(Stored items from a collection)

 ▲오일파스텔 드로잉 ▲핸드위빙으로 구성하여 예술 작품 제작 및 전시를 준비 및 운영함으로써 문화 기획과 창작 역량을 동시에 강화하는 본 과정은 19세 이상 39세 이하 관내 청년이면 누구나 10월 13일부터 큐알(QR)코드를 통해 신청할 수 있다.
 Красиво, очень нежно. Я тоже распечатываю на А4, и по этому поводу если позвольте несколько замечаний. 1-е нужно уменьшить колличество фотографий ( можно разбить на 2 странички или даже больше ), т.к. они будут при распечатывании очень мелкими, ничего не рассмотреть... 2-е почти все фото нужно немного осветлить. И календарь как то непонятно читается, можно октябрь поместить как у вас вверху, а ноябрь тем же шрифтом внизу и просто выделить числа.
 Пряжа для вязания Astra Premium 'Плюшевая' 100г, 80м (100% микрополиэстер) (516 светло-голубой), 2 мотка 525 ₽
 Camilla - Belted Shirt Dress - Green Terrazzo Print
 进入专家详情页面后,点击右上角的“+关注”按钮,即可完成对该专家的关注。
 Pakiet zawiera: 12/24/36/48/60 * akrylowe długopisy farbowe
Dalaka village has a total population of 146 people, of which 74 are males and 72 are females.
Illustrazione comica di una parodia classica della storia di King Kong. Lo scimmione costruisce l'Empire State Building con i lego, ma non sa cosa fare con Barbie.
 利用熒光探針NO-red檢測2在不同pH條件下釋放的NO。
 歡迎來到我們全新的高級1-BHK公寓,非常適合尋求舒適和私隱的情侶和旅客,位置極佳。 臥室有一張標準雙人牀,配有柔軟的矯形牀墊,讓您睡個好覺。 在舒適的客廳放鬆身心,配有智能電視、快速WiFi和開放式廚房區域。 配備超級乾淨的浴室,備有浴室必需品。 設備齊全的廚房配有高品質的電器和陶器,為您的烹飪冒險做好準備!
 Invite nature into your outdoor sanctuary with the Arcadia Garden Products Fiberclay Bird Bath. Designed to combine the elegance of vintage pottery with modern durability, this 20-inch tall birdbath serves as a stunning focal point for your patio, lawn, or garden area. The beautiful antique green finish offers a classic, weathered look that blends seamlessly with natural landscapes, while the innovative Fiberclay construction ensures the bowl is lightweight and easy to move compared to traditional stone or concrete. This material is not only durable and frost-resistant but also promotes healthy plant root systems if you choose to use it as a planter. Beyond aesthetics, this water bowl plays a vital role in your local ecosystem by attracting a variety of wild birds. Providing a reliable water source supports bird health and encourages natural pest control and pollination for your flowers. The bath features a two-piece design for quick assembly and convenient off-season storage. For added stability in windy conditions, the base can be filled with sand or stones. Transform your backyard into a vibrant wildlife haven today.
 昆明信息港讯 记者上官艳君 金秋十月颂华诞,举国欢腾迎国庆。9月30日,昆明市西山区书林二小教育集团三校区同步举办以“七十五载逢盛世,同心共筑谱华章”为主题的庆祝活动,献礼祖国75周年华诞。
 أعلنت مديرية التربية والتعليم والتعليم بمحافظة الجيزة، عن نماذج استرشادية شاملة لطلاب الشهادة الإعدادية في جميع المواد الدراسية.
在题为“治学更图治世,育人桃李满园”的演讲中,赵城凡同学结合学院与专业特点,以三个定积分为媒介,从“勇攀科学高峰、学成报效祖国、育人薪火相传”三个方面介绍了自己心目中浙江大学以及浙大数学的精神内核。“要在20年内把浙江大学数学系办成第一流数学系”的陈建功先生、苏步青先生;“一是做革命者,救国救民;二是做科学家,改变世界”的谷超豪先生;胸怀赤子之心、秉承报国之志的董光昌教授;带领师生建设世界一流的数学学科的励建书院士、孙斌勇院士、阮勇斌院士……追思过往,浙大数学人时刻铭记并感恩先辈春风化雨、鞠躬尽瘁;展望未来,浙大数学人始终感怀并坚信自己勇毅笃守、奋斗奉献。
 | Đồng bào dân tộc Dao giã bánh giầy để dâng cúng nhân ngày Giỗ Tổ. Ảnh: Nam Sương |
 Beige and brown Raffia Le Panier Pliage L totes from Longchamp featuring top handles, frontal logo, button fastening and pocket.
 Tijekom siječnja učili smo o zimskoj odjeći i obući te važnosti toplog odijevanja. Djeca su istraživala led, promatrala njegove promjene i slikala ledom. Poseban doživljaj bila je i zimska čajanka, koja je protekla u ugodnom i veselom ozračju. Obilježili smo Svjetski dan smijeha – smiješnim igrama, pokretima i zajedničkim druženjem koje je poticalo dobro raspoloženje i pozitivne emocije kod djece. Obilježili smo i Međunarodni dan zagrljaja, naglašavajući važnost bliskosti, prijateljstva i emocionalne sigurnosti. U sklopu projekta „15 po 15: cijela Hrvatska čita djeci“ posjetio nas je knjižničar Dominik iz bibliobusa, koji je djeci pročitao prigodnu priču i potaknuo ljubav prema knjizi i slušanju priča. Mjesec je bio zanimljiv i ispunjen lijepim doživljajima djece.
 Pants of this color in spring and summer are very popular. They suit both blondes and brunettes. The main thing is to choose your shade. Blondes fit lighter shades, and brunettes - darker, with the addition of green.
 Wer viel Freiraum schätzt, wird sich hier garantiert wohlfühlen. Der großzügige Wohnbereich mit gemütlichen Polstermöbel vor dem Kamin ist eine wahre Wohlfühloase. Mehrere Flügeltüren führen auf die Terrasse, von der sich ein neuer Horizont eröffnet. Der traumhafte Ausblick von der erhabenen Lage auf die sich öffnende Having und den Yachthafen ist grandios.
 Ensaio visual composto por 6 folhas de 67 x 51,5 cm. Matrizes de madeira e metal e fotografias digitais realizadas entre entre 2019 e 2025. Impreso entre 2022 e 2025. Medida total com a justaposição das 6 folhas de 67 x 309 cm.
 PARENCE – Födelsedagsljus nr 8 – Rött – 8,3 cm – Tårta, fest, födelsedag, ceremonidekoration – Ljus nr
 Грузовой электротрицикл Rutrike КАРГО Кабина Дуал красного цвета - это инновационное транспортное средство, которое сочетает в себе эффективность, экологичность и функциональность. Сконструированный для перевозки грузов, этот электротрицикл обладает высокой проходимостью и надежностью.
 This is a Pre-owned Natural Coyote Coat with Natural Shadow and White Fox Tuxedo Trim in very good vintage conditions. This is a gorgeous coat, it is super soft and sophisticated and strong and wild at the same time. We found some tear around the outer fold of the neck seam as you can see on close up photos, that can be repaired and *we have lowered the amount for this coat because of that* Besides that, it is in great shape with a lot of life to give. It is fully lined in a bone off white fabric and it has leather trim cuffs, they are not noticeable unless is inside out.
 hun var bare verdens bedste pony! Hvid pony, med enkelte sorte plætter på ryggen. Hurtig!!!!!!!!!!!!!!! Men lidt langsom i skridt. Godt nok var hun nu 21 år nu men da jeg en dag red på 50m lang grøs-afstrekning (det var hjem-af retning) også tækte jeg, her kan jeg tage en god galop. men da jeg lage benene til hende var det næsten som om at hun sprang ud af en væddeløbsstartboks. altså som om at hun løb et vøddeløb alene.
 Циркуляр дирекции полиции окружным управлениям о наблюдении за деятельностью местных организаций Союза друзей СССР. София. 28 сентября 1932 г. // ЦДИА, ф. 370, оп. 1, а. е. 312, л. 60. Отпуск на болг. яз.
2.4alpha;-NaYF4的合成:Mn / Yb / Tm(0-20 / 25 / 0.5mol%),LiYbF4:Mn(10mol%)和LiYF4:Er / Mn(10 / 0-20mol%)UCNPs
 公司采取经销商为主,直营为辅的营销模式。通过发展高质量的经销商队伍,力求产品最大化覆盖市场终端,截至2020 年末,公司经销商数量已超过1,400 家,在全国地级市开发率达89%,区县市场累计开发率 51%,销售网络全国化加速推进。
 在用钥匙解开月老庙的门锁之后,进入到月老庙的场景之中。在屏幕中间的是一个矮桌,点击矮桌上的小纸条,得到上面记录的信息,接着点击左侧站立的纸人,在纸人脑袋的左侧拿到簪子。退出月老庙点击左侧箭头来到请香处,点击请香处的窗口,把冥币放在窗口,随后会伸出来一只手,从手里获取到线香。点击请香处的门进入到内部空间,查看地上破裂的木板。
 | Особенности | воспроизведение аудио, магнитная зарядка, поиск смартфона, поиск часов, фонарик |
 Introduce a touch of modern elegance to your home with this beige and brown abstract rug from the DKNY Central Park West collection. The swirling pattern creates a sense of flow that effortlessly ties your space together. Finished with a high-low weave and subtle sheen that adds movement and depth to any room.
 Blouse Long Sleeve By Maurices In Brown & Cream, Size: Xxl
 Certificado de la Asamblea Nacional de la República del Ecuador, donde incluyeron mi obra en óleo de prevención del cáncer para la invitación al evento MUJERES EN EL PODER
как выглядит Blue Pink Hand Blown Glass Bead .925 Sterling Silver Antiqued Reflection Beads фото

> **WORK TASK**:
Given the records above, restate word for word only the lines starting at the one with "在用钥匙解开月老庙的门锁之后" and ending at the one with "часов, фонарик |".

> **WRITTEN REPLY**:
 在用钥匙解开月老庙的门锁之后,进入到月老庙的场景之中。在屏幕中间的是一个矮桌,点击矮桌上的小纸条,得到上面记录的信息,接着点击左侧站立的纸人,在纸人脑袋的左侧拿到簪子。退出月老庙点击左侧箭头来到请香处,点击请香处的窗口,把冥币放在窗口,随后会伸出来一只手,从手里获取到线香。点击请香处的门进入到内部空间,查看地上破裂的木板。
 | Особенности | воспроизведение аудио, магнитная зарядка, поиск смартфона, поиск часов, фонарик |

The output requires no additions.